*Source data*
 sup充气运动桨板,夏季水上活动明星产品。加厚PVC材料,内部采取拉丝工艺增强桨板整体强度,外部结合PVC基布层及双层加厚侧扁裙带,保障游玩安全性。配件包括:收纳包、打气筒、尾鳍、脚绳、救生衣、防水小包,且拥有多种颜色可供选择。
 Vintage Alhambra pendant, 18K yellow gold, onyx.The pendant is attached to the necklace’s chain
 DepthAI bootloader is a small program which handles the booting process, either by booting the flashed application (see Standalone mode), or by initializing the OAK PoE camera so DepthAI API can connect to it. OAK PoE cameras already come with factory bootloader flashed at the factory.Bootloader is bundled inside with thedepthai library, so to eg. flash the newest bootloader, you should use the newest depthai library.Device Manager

---

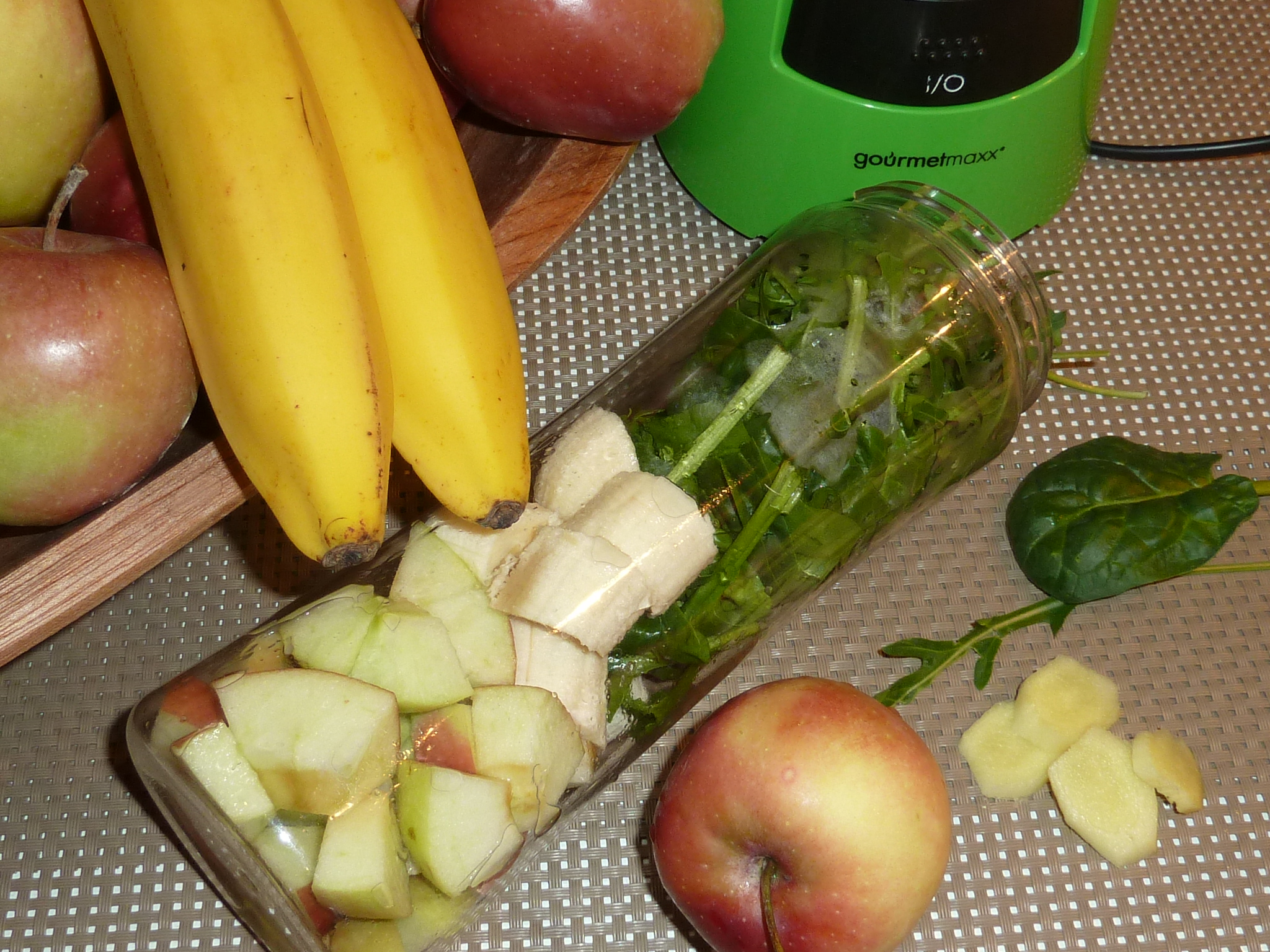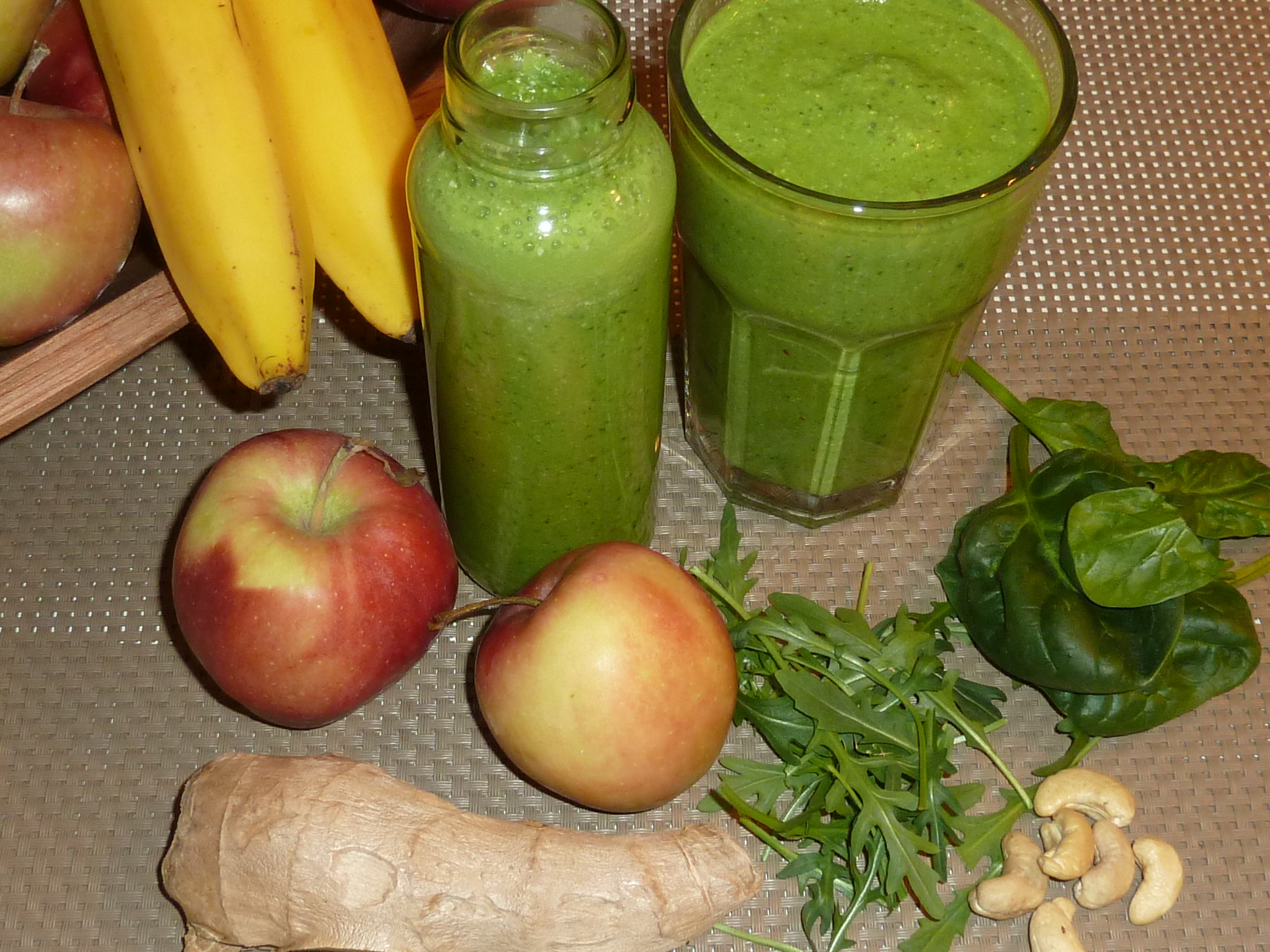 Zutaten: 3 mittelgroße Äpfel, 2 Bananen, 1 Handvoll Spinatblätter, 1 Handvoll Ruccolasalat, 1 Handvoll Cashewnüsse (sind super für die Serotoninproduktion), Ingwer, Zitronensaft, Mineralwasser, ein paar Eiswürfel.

--

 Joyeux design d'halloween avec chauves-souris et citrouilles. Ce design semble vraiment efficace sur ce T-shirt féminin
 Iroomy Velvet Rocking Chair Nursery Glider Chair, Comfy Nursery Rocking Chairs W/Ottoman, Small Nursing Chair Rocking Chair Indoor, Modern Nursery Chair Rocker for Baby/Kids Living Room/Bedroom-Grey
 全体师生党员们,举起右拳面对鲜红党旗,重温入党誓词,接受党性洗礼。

*Task directions*
Give only the lines from the one holding "sup充气运动桨板,夏季水上" through the one holding "DepthAI bootloader is", each restated exactly as it appears above.

*Solved problem*
 sup充气运动桨板,夏季水上活动明星产品。加厚PVC材料,内部采取拉丝工艺增强桨板整体强度,外部结合PVC基布层及双层加厚侧扁裙带,保障游玩安全性。配件包括:收纳包、打气筒、尾鳍、脚绳、救生衣、防水小包,且拥有多种颜色可供选择。
 Vintage Alhambra pendant, 18K yellow gold, onyx.The pendant is attached to the necklace’s chain
 DepthAI bootloader is a small program which handles the booting process, either by booting the flashed application (see Standalone mode), or by initializing the OAK PoE camera so DepthAI API can connect to it. OAK PoE cameras already come with factory bootloader flashed at the factory.Bootloader is bundled inside with thedepthai library, so to eg. flash the newest bootloader, you should use the newest depthai library.Device Manager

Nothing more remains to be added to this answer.